El Ejecutivo socialista arbitró ayer una disposición especial para que las familias de Euskadi y Navarra puedan recibir la ayuda de 2.500 euros por cada nuevo hijo, anunciada por Zapatero en el debate del estado de la Nación. De esta forma, en lugar de ser financiada a través de los impuestos, la prestación será abonada por la Seguridad Social para evitar un conflicto con el régimen fiscal específico de la Comunidad Autónoma vasca y de la foral, con el fin de universalizar esta iniciativa.
En declaraciones a Radio Euskadi, Rubalkaba señaló que "el Gobierno de Madrid, después de soltar la bomba, como si fuera una gran noticia, ha tenido que rebobinar y ha tenido que darse cuenta de que, para establecerla, necesita hacer una Ley específica en lo que se refería, por lo menos, a la Comunidad Autónoma, porque, si no, se habría quedado colgado de la brocha", de forma que quienes tuvieran los primeros hijos en Euskadi "no iban a cobrar esos 2.500 euros".
Improvisación
"Yo creo que fue una improvisación de un debate malo, en el que, para salir, al final, se sacaron de la chistera este conejo. Yo me alegro por todas las familias que van a tener hijos a partir del 3 de julio porque van a rebibir una cantidad de 2.500 euros. Pero no creo que porque a una pareja le den 2.500 euros vaya a tener un hijo". A su juicio, se trata de "una medida populista, oportunista y que, luego, no por ello, va a haber más natalidad en la Comunidad ni en el Estado".

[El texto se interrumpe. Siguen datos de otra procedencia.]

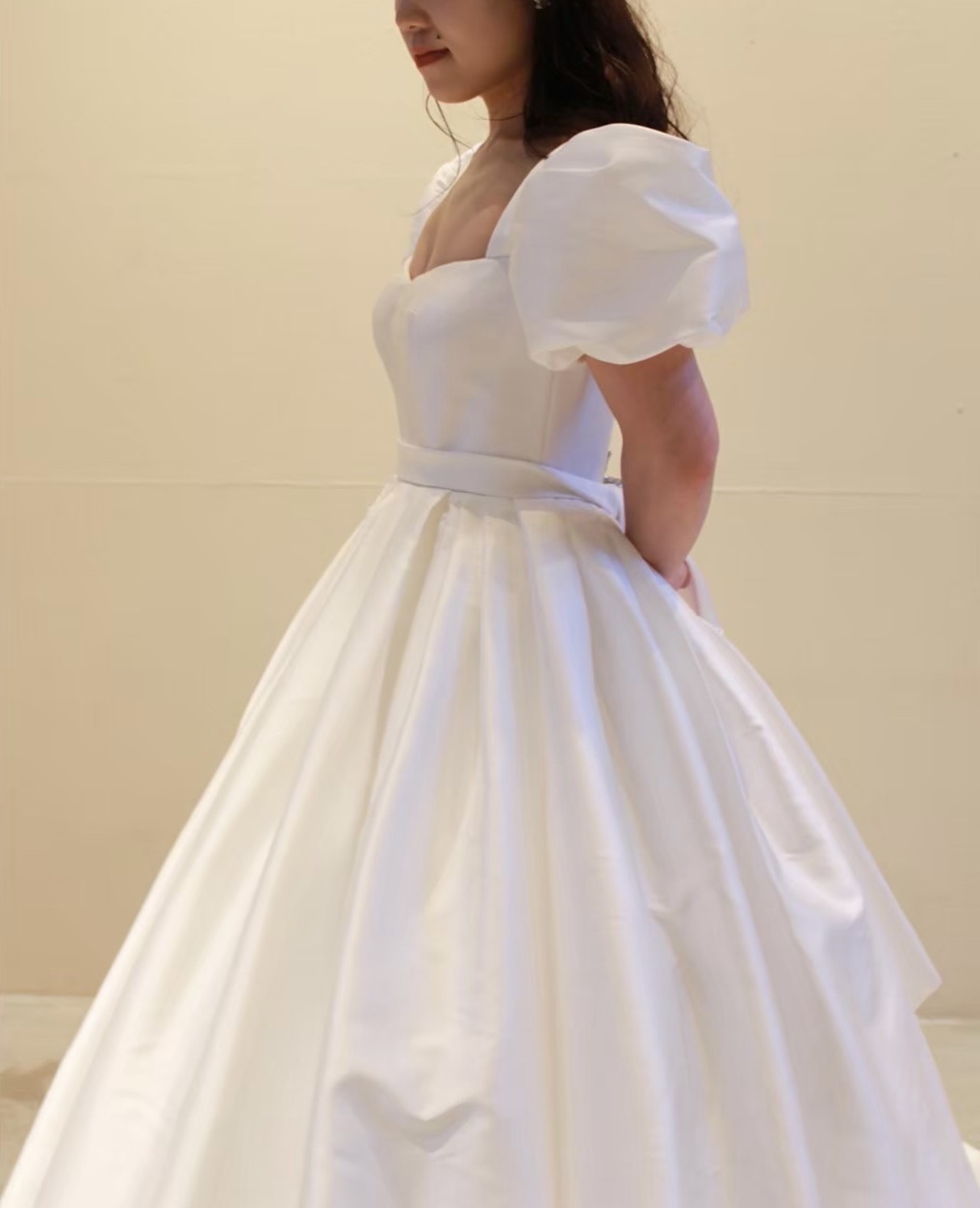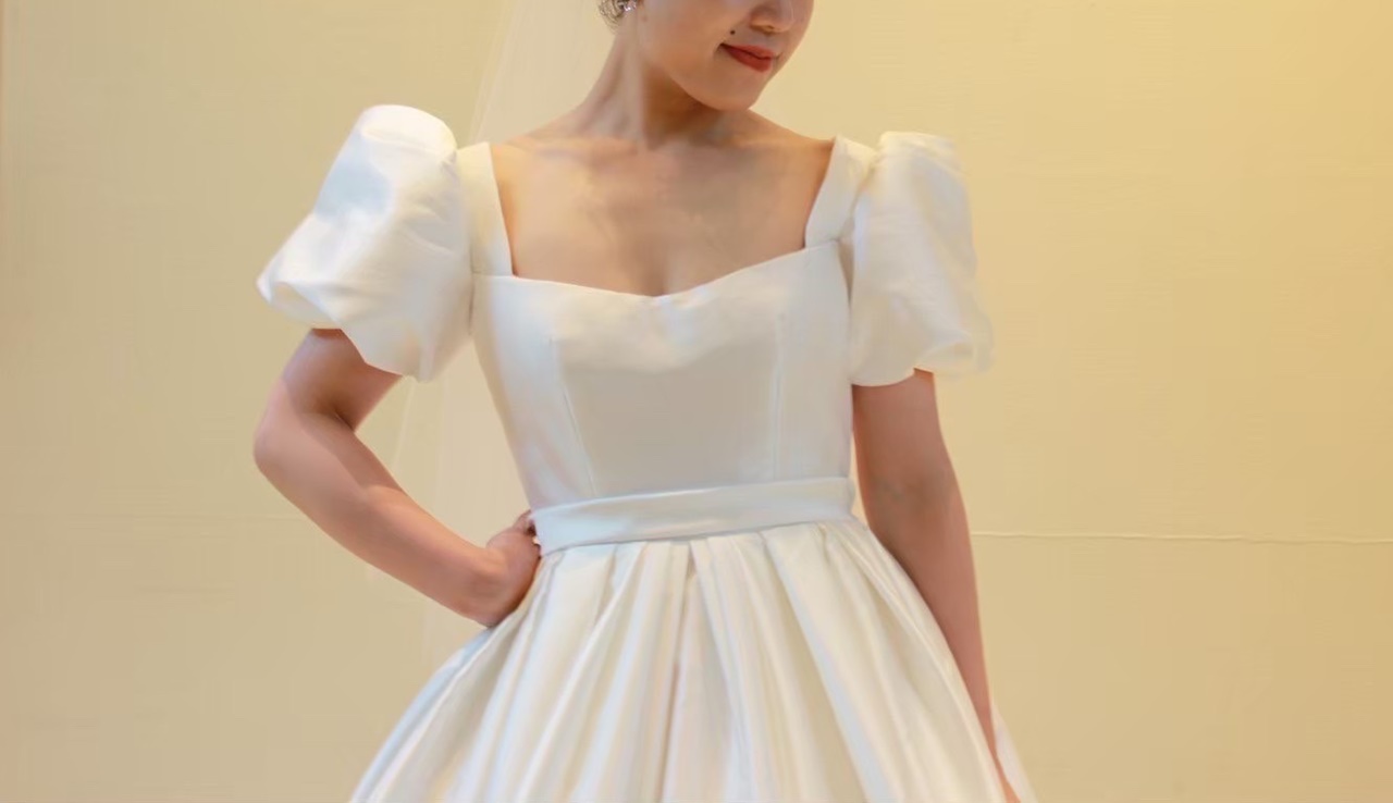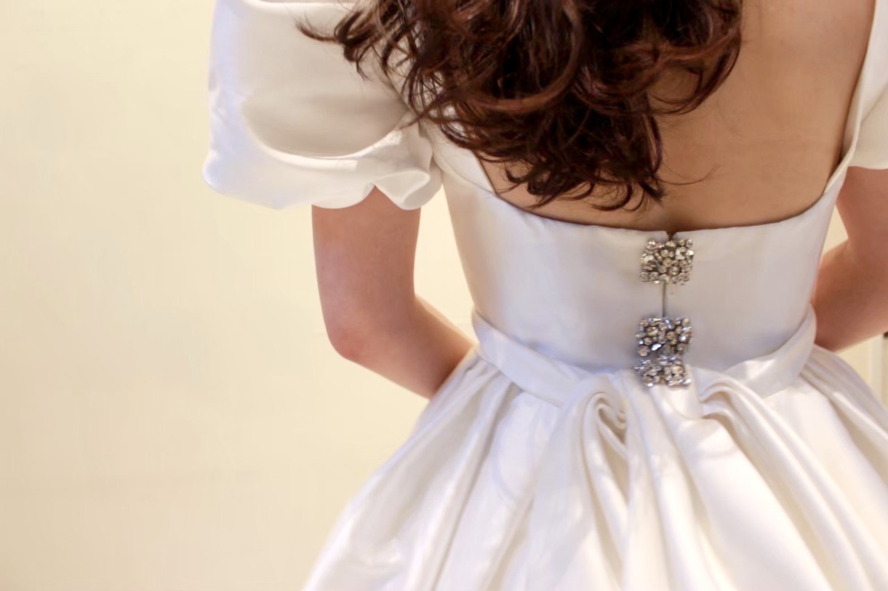 トレンドのビッグパフスリーブが目を惹く「MING(=明)」と名付けられたウェディングドレス。どの時代でも憧れられるようなプリンセスラインのデザインは、袖を通すだけで自然と背筋が伸びるようなそんな特別感を感じさせてくれます。光沢感のあるミカドシルクと相まって、腰回りの内側にハードチュールをあしらうことによりパニエを入れずともプリンセスラインのボリュームを叶えて主役感を引き立たせます。お顔まわりのビッグパフスリーブはフェイスラインを華奢で美しく見せ、リーム アクラのアイコニックである胸元のスクエアカットはデコルテラインをすっきりと綺麗に見せてくれます。計算し尽くされた胸元のデザインによりフェミニンな印象になりすぎず、女性らしい洗練された印象に。バックスタイルには華やかさを添えるシルバービジューが施され、花嫁の美しさをより際立たせる洗練されたシンプルさと考え抜かれたクチュールデザインに心がときめきます。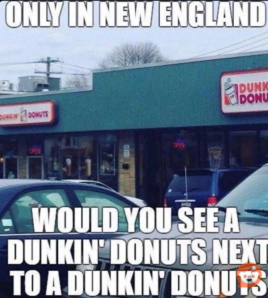 7. I don’t know if this is a real or fake picture, I did some searching and the closest 2 Dunkin Donuts are across the street from each other in Revere, MA (Squire Rd) 120 feet away.
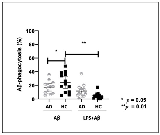 Aβ42-FAM-phagocytosis by Aβ- or Aβ+ LPS- stimulated monocyte of 13 Alzheimer’s Disease patients (AD) and 12 healthy controls (HC). Results are expressed as the percentage of monocytes phagocyting Aβ42-FAM. Analysis was performed by FlowSight. Mann Whitney test was used to compare the phagocytosis percentage in AD and HC and Wilcoxon matched-pair test for comparison before and after LPS stimulus Data are summarized as median and Interquartile (IQR) (25° and 75° percentile). p values of less than 0.05 were considered significant (* p = 0.05; ** p = 0.01).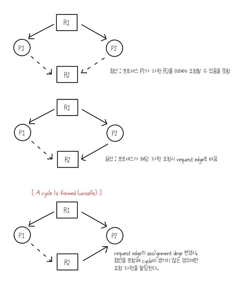 - 시스템이 unsafe state에 있으면 : possibility of deadlock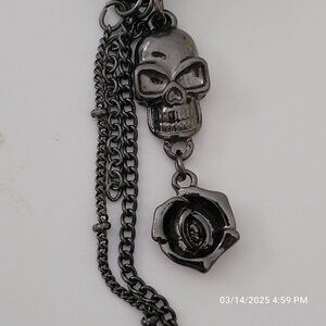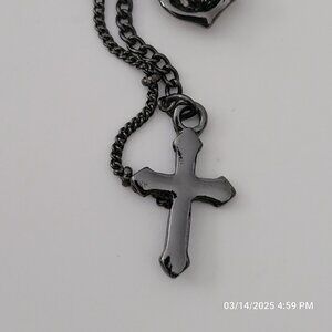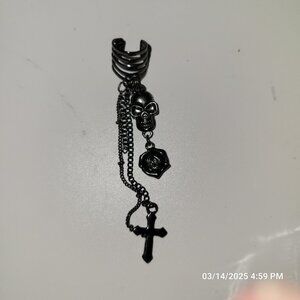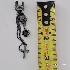 This product is a black gun metal cuff earring with a gothic theme. The earring features a skull shape and a rose dangle with cross. The closure is a wrap style and the earring is designed to fit snugly in the ear area. The item length can be seen in the pictures provided.

En este sentido, precisó que para potenciar la natalidad habría que adoptar otro tipo de políticas distintas y recordó que el Gobierno vasco ya había establecido "medidas concretas" para incentivarla. A su juicio, la iniciativa gubernamental "fue para discernir lo que era algún debate malo que hubo en el Congreso de los Diputados y, luego, lo han tenido que adobar y arreglar". "Hubo una improvisación y en política la improvisación no es buena", aseveró.